◆ Task data:

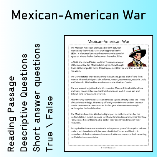 Mexican-American War | Reading Comprehension Passage Printable Worksheet
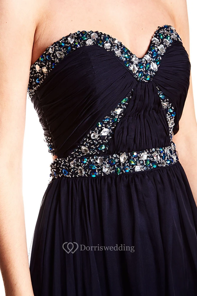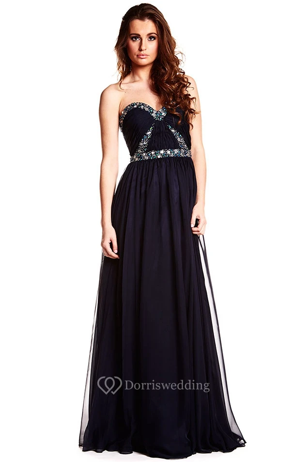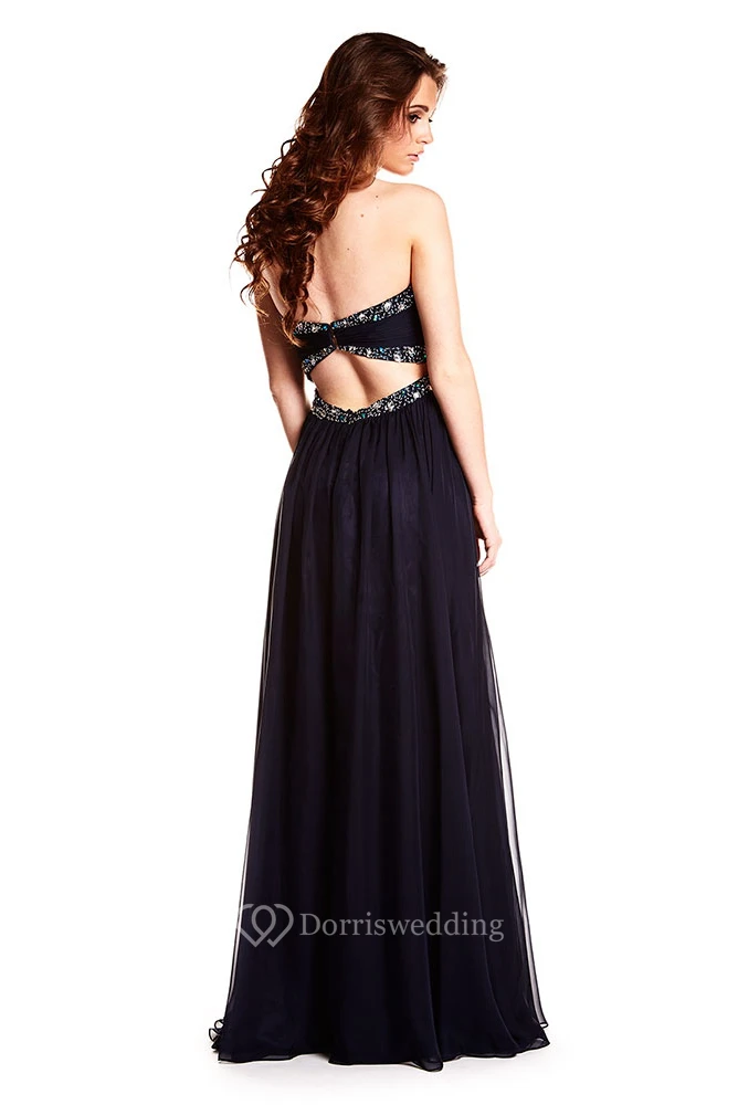 A-Line Sleeveless Beaded Sweetheart Floor-Length Chiffon Prom Dress With Backless Style
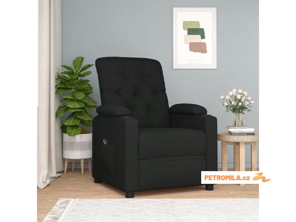 Elektrické polohovací křeslo černé textil
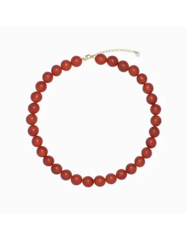 Den intense røde jade symboliserer styrke og vitalitet. Håndlavet med omhu og præcision er halskæden mere end blot et smykke; den er et udtryk for naturlig skønhed og positiv kraft.
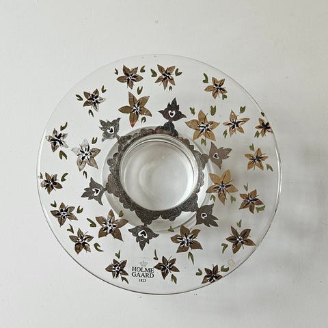 Kalenderlysestage, Holmegaard 2000, oval, silketryk "Mistelten og bladranker" i guld og grønt, passer til lys på 5 cm i dia. B: 18,8 cm, D: 12 cm, H: 3,5 cm. med Holmegaard label, lyset er IKKE incl. HELT INTAKT. Sælges for 110 kr. Sender gerne.dog IKKE MED fiks færdig. Porto oveni. N.B har også et julekage glas i samme årgang(2000) og mønster, findes i mine andre annoncer.

◆ Your objective: Taking the entries above, copy word for word the lines from the one with "A-Line Sleeveless Beaded" up to and including the one with "Den intense røde", without any picture.

◆ Exercise solution:
 A-Line Sleeveless Beaded Sweetheart Floor-Length Chiffon Prom Dress With Backless Style
 Elektrické polohovací křeslo černé textil
 Den intense røde jade symboliserer styrke og vitalitet. Håndlavet med omhu og præcision er halskæden mere end blot et smykke; den er et udtryk for naturlig skønhed og positiv kraft.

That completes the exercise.